How Memphis Should Play the Rankings Game

wpid-outdoor_canoe_kayak_race_art.jpg

As even their creators and honorees will admit, most of the lists that purport to rank cities are horse crap. But once in a while, one of them comes along that, like a seven-car crash, demands your attention.

Case in point: Outside magazine has named Chattanooga “the best Outside town in America” and one of the “Best Towns Ever.” Chattanooga! The decaying railroad town in the shadow of Lookout Mountain and Rock City. I have been there dozens of times over more than 50 years and was moved to congratulate Candace Davis of the Chattanooga Convention and Visitors Bureau.

“Thank you John,” she replied in an email. “I typically don’t send out mag ranks either, but we do have a list of them compiled. With this being such a great publication with national and international recognition, we thought it was definitely appropriate. I mean how often do you get to be the Best EVER??”

If you are not familiar with it, Outside features extreme sports and doesn’t give a damn about football, baseball, or golf. I like to look at the nice pictures and read the articles which remind me of so many things I either cannot or would not do, like rock climbing, hang gliding, or paddling a surfboard from a standing position like I saw people doing this year in Florida and California and Shelby Farms.

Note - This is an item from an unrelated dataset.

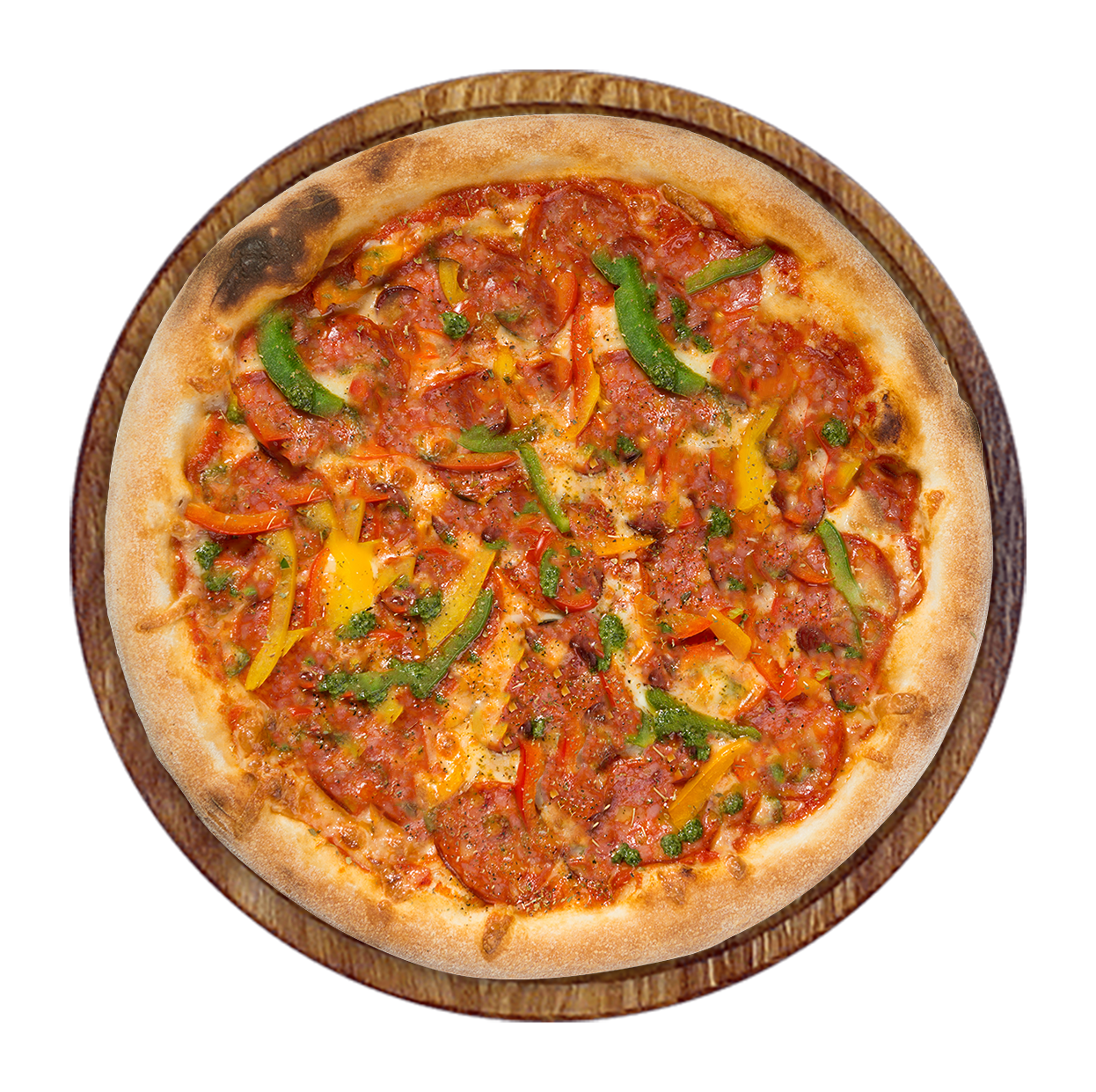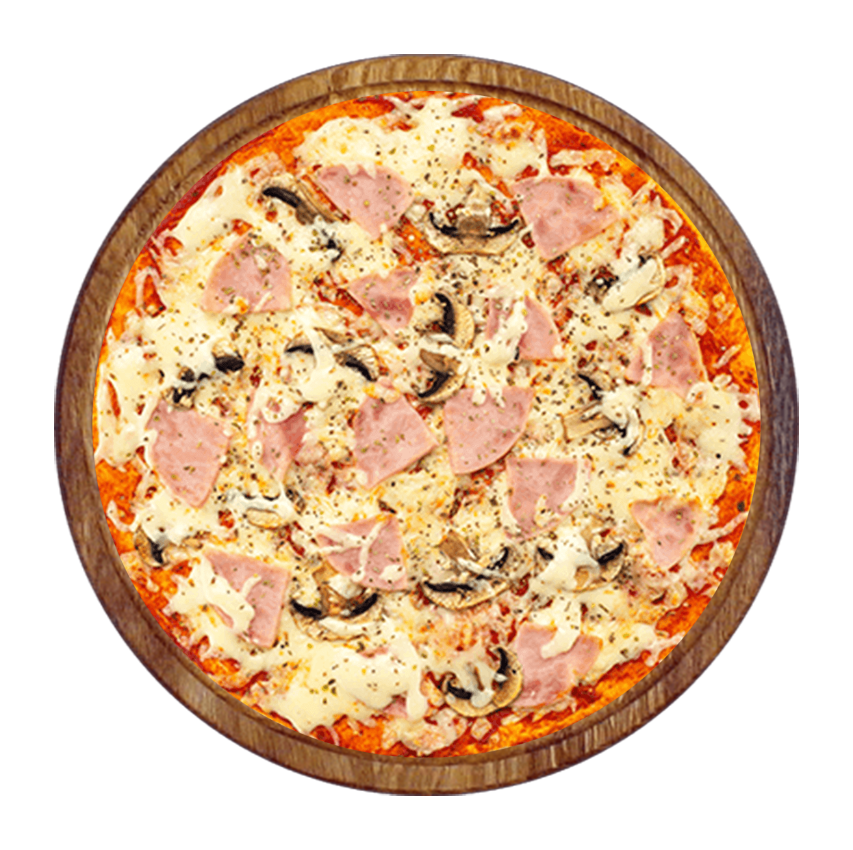 Tomate, mozzarella, jambon, poivrons, oignons, chèvre, ail, persil.
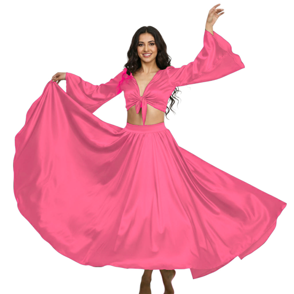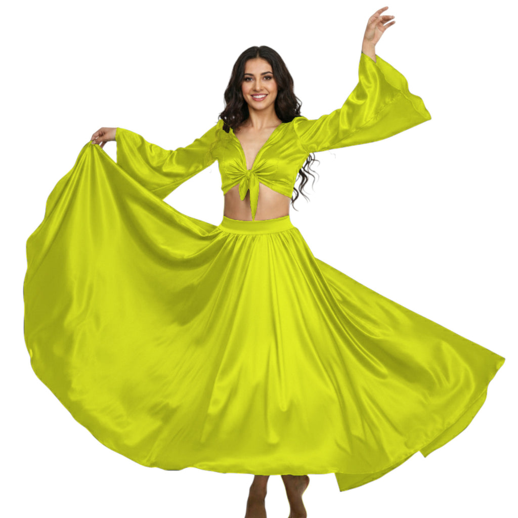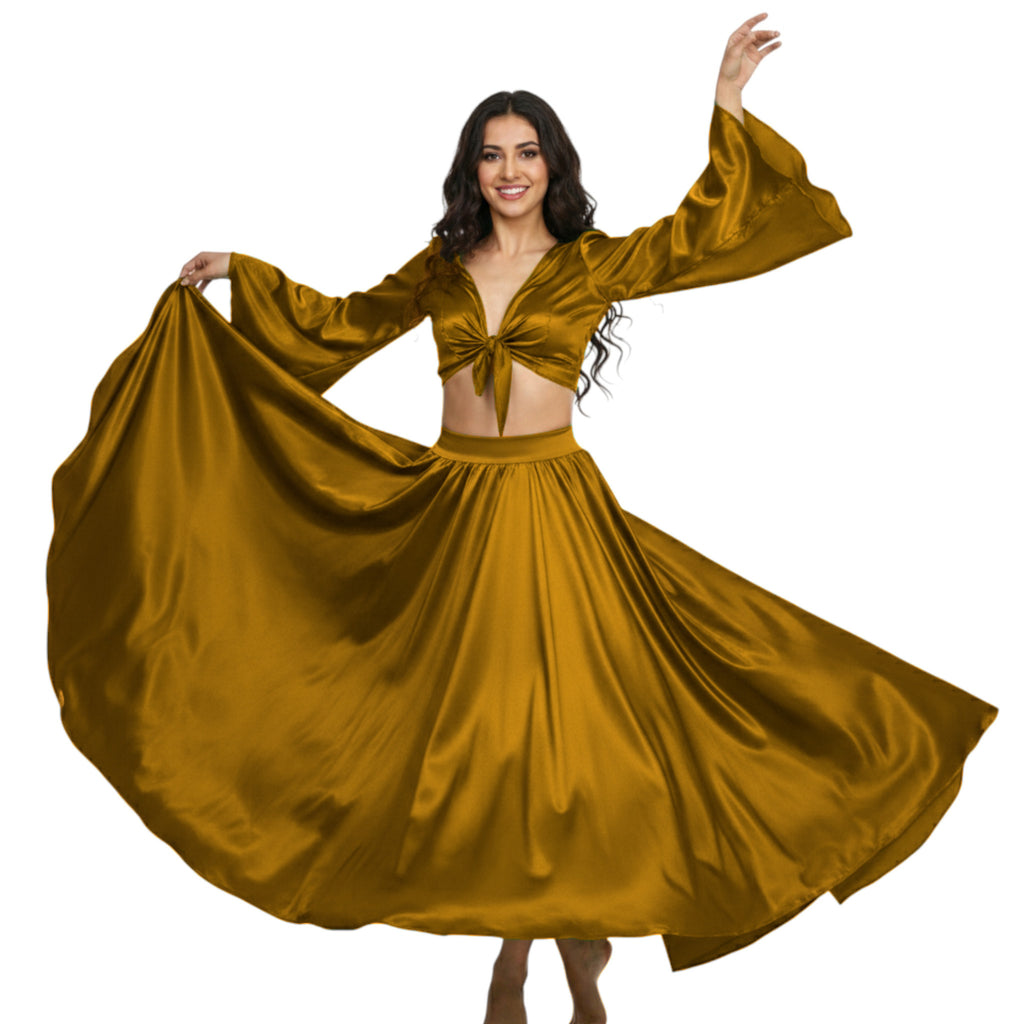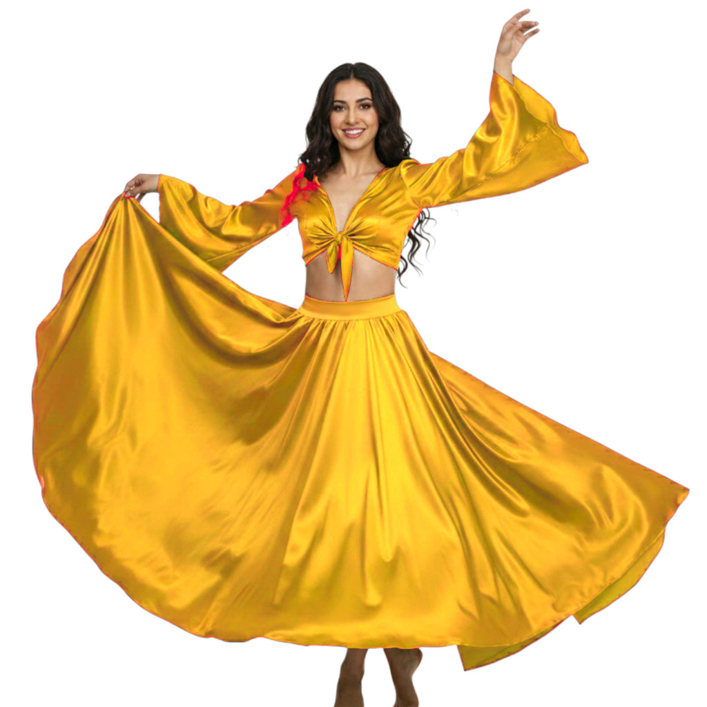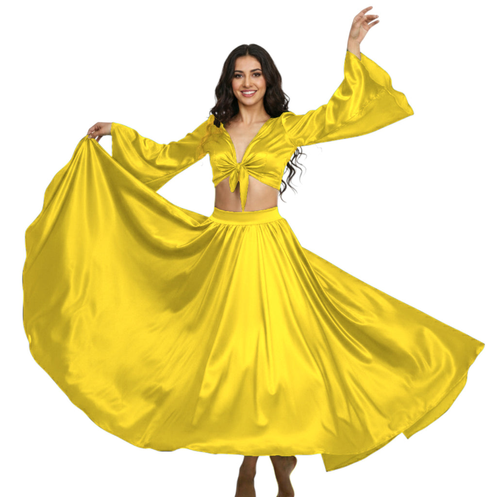 Dazzle your audience with our complete, high-impact Satin Belly Dance Full Circle Skirt and Ruffle Top Set. This matching two-piece costume is crafted from luxurious, high-shine satin, ensuring maximum visual effect and brilliance under stage lights.

The press release says “Outside scoured the nation to find dream cities that offered a balance of great culture, perfect scenery, stress-free and reasonable cost of living, and, of course, easy access to the outdoors.” Finalists included Charleston, SC; Madison, WI; Portland, OR; Portland, ME; Santa Fe, NM; Ashland, OR; Boulder, CO; Burlington, VT; Tucson, AZ. A Facebook poll put our Tennessee neighbor over the top.

While I’m sure researchers put in long hours weighing “stress-free and reasonable cost of living” factors, the emphasis was on the visuals, just as Miss Universe must have, oh, never mind. Chattanooga, if you expand its radius 75 miles, has the goods from whitewater to mountain bluffs to the downtown river walk.

Memphis can play this game. Many of us have seen the warts in Chattanooga and the other finalists, and they are glossed over in such contests. If Shelby Farms, the riverfront, the Harahan Project, the Kroc Center, and Bass Pro work out as hoped, Memphis could and should be on someone’s list of best outdoor places.

As I wrote in this blog last week, I would pair that brag with a not-too-subtle reminder that Memphis is pretty much disaster free at a time when the rest of the country is reeling from floods, droughts, hurricanes, blizzards, forest fires, and monumental traffic jams. In today’s Wall Street Journal there is a story about a bridge closing on Interstate 64 in Louisville (one of our peer cities) that has “doubled commuting times for thousands” and backed up traffic for six miles in Indiana. UPS, Humana, and the University of Louisville are in scramble mode. Sorry, guys, FedEx is running like clockwork.

In the same newspaper, I read that Texas set a record as the temperature hit 100 degrees for the 70th day this year. The state is parched. Tennessee, and Memphis, are mostly green, and we are the Saudi princes of water.

If I were selling Memphis I would point that out. If it’s good enough for FedEx, maybe it’s good enough for you, etc. etc. If you like to bike, skate, run, fish, or paddle, come check us out.

Nobody said contests were fair and balanced.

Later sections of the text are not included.